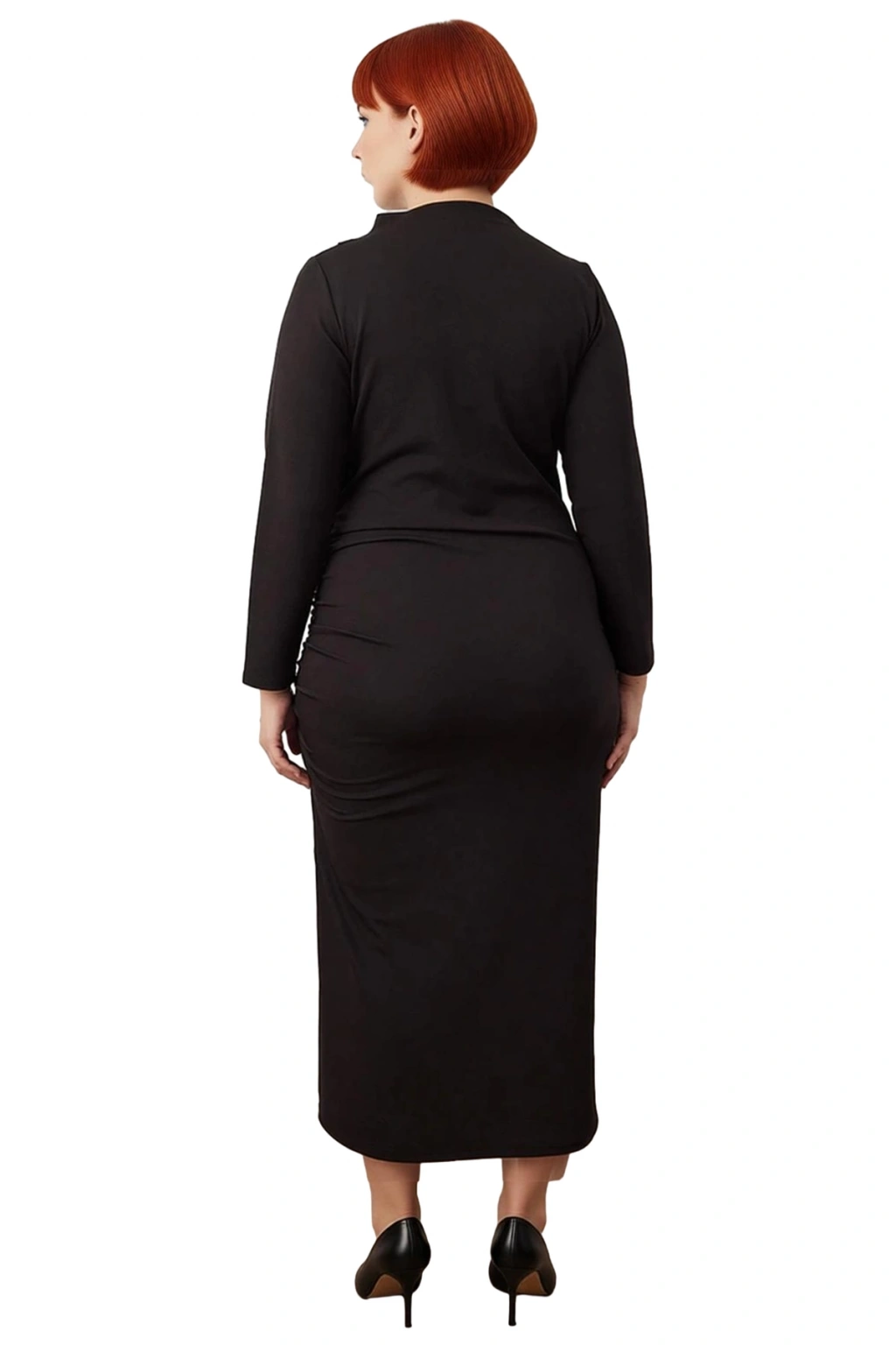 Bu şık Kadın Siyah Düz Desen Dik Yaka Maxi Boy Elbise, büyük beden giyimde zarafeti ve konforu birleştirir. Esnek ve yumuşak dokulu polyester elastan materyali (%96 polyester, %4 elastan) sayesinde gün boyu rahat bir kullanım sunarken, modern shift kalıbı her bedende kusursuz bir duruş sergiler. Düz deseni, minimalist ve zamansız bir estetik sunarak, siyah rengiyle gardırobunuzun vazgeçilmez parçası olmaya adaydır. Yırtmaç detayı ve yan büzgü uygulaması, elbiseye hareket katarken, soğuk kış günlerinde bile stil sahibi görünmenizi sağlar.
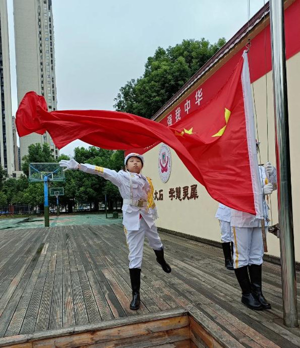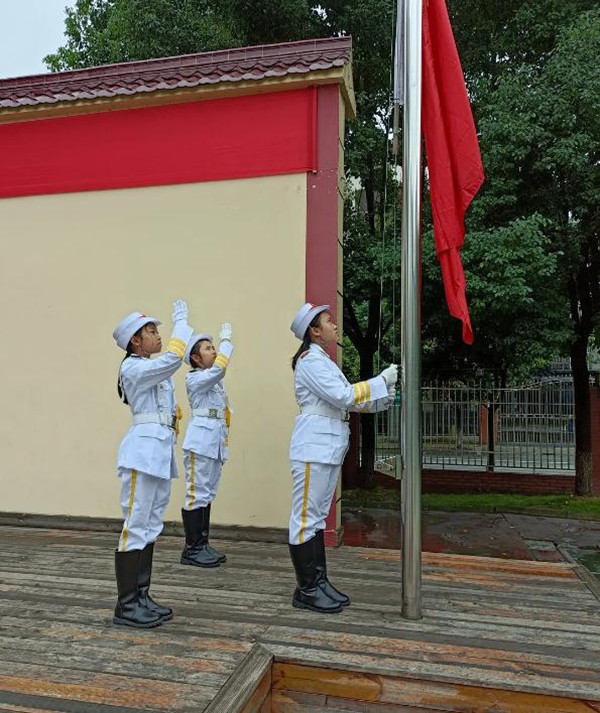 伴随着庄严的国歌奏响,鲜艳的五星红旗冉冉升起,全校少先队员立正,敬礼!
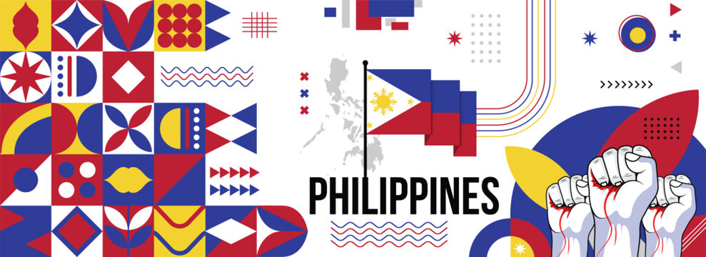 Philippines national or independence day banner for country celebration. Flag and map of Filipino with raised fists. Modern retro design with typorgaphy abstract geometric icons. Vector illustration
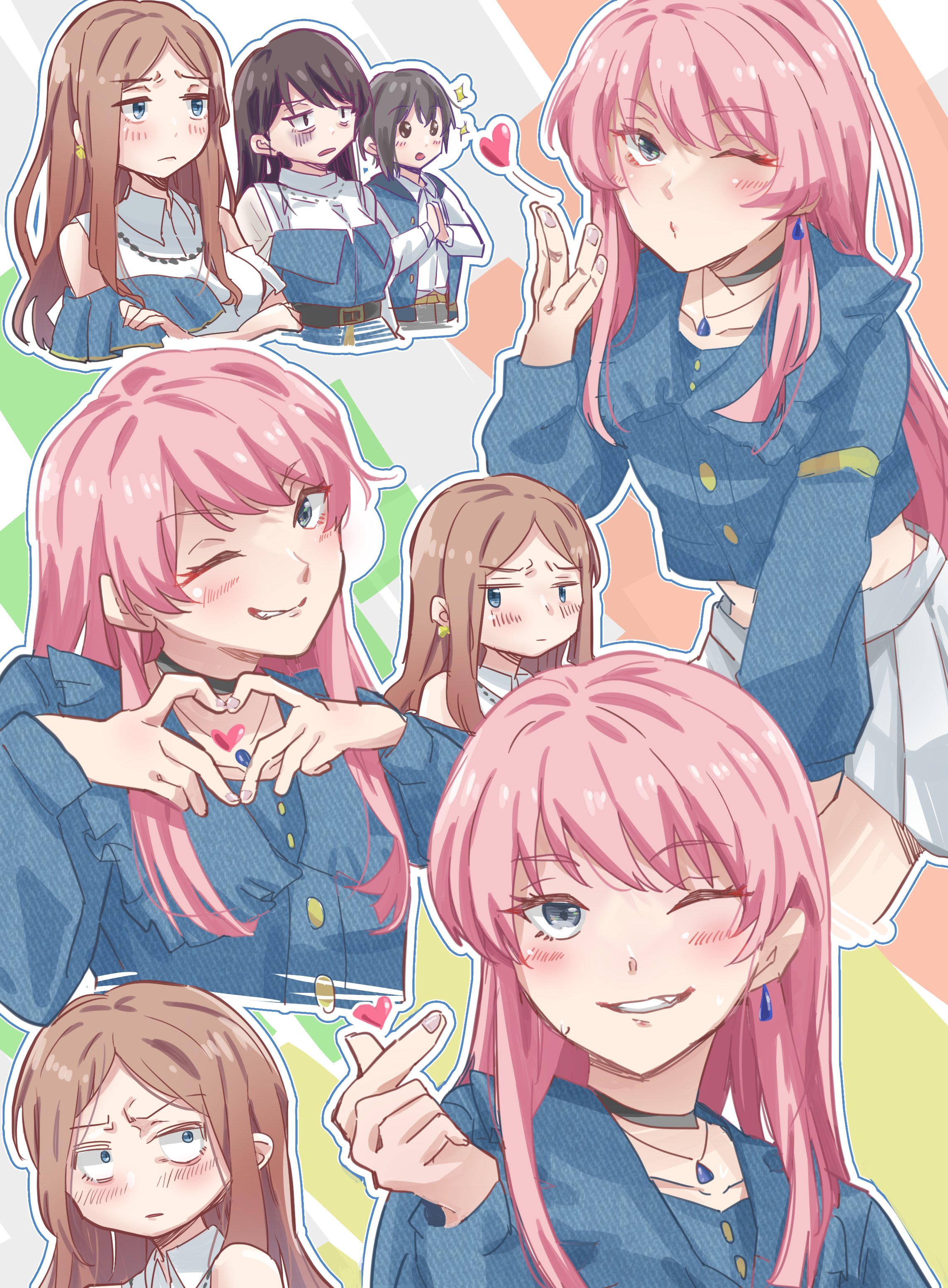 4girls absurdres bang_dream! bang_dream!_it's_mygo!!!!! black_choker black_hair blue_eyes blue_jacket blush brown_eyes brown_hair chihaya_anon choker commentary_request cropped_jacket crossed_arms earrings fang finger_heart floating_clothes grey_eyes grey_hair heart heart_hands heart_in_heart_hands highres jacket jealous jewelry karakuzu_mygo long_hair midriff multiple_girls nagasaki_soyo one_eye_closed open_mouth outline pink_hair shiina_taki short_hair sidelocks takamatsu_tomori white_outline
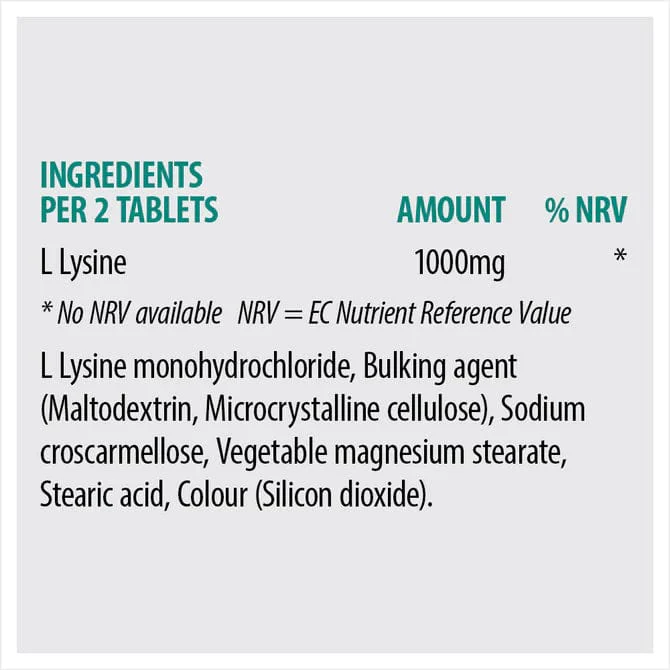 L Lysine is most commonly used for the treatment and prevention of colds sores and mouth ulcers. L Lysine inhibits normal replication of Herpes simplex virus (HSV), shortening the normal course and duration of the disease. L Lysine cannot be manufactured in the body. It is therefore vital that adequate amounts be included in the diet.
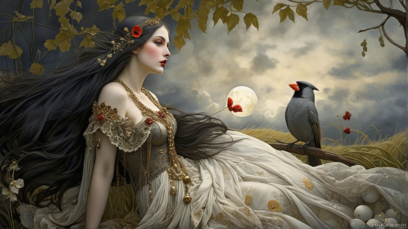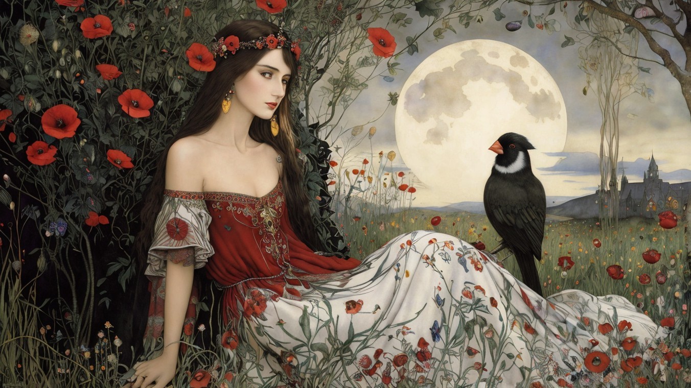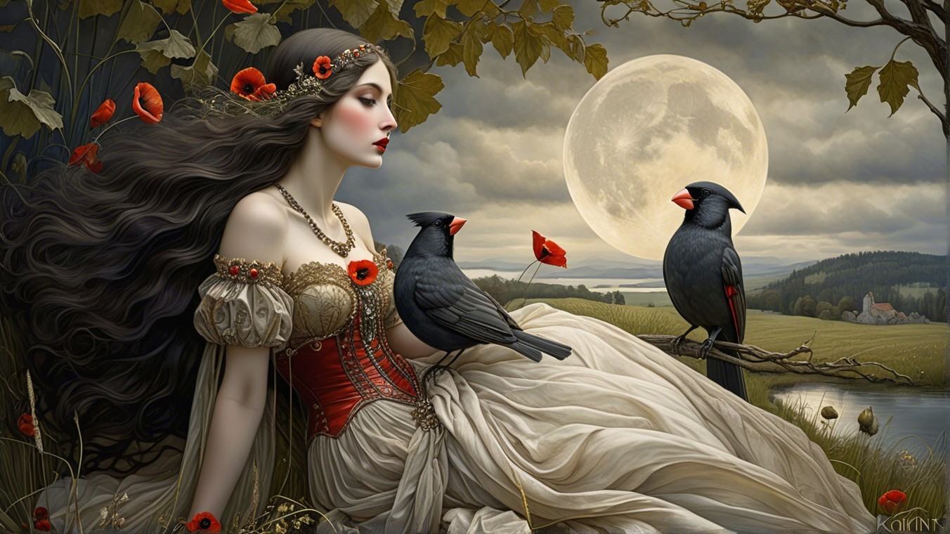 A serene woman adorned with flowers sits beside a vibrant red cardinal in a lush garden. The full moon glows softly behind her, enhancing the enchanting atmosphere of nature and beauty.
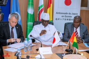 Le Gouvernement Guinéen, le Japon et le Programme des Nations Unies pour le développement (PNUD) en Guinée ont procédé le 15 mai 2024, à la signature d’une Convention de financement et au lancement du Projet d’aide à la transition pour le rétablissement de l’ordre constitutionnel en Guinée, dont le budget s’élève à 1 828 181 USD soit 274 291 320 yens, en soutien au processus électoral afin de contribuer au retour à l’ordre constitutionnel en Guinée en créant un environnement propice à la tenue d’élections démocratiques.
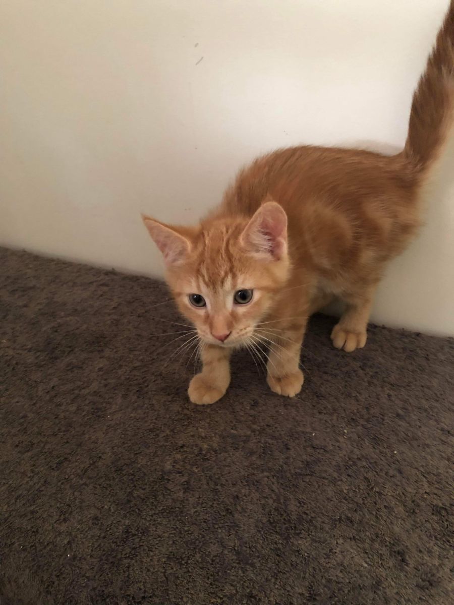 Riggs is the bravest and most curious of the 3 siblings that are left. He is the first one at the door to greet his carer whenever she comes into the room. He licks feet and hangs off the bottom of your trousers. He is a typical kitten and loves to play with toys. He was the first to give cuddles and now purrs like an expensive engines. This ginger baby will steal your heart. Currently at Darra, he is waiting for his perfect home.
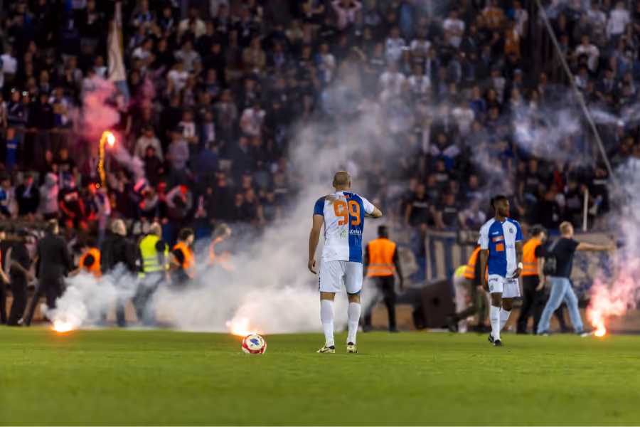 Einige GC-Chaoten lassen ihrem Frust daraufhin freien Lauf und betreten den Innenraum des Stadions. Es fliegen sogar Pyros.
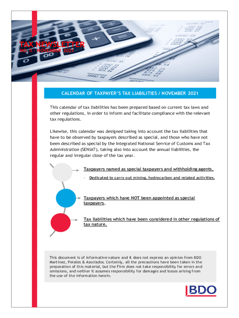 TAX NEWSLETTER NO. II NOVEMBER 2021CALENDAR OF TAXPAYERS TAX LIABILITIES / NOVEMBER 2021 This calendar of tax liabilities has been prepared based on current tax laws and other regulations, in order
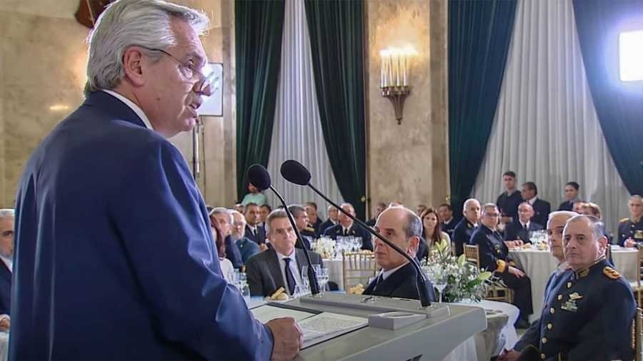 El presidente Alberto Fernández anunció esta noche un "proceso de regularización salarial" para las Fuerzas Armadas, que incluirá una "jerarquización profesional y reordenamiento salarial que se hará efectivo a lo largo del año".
··········
## Task to complete:
Only the lines from the top of the material through the line containing "4girls absurdres bang_dream!" should be written out, exactly and without pictures.

## Reply to the exercise:
 Bu şık Kadın Siyah Düz Desen Dik Yaka Maxi Boy Elbise, büyük beden giyimde zarafeti ve konforu birleştirir. Esnek ve yumuşak dokulu polyester elastan materyali (%96 polyester, %4 elastan) sayesinde gün boyu rahat bir kullanım sunarken, modern shift kalıbı her bedende kusursuz bir duruş sergiler. Düz deseni, minimalist ve zamansız bir estetik sunarak, siyah rengiyle gardırobunuzun vazgeçilmez parçası olmaya adaydır. Yırtmaç detayı ve yan büzgü uygulaması, elbiseye hareket katarken, soğuk kış günlerinde bile stil sahibi görünmenizi sağlar.
 伴随着庄严的国歌奏响,鲜艳的五星红旗冉冉升起,全校少先队员立正,敬礼!
 Philippines national or independence day banner for country celebration. Flag and map of Filipino with raised fists. Modern retro design with typorgaphy abstract geometric icons. Vector illustration
 4girls absurdres bang_dream! bang_dream!_it's_mygo!!!!! black_choker black_hair blue_eyes blue_jacket blush brown_eyes brown_hair chihaya_anon choker commentary_request cropped_jacket crossed_arms earrings fang finger_heart floating_clothes grey_eyes grey_hair heart heart_hands heart_in_heart_hands highres jacket jealous jewelry karakuzu_mygo long_hair midriff multiple_girls nagasaki_soyo one_eye_closed open_mouth outline pink_hair shiina_taki short_hair sidelocks takamatsu_tomori white_outline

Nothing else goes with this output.